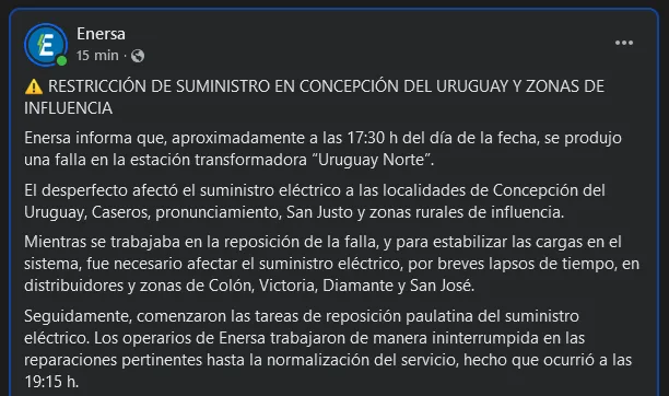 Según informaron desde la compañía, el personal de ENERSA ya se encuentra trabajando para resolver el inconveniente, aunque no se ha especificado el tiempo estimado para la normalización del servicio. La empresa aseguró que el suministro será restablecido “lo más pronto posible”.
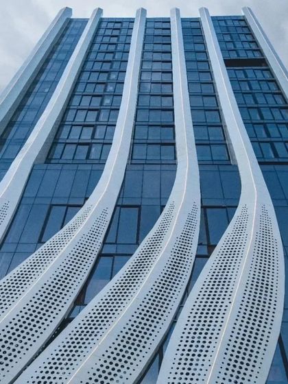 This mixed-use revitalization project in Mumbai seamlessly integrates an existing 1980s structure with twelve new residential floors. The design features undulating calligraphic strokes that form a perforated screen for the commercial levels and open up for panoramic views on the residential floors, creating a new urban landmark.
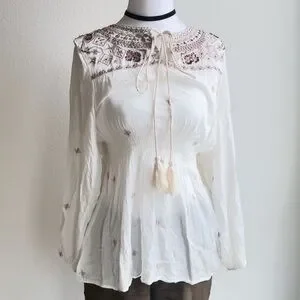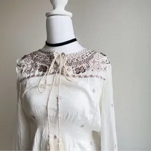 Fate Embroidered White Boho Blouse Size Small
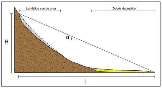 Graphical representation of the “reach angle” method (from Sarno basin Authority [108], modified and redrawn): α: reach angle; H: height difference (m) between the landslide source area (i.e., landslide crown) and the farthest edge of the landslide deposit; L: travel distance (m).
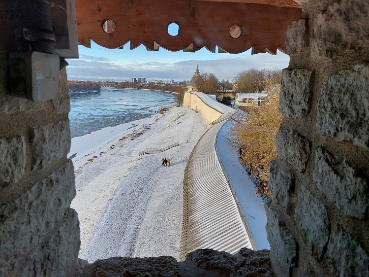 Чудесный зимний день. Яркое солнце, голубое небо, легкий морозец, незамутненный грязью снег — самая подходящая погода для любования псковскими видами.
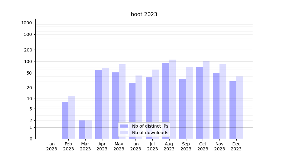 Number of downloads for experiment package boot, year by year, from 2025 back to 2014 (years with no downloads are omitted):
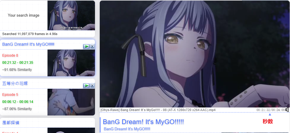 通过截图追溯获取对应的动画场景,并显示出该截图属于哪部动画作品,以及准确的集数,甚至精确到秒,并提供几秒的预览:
━━━━
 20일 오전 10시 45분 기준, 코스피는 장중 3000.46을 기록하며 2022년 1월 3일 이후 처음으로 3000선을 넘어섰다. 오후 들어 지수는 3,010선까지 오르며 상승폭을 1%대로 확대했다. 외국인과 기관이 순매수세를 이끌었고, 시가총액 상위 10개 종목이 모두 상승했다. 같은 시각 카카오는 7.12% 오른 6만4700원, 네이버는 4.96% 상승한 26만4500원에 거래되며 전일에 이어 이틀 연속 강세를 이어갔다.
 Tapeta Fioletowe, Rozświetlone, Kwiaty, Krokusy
━━━━
• **What you have to do**:
Output only the lines above from the line that holds "Чудесный зимний день." through the line that holds "通过截图追溯获取对应的动画场", both ends included, and exclude pictures.

• **Exercise response**:
 Чудесный зимний день. Яркое солнце, голубое небо, легкий морозец, незамутненный грязью снег — самая подходящая погода для любования псковскими видами.
 Number of downloads for experiment package boot, year by year, from 2025 back to 2014 (years with no downloads are omitted):
 通过截图追溯获取对应的动画场景,并显示出该截图属于哪部动画作品,以及准确的集数,甚至精确到秒,并提供几秒的预览:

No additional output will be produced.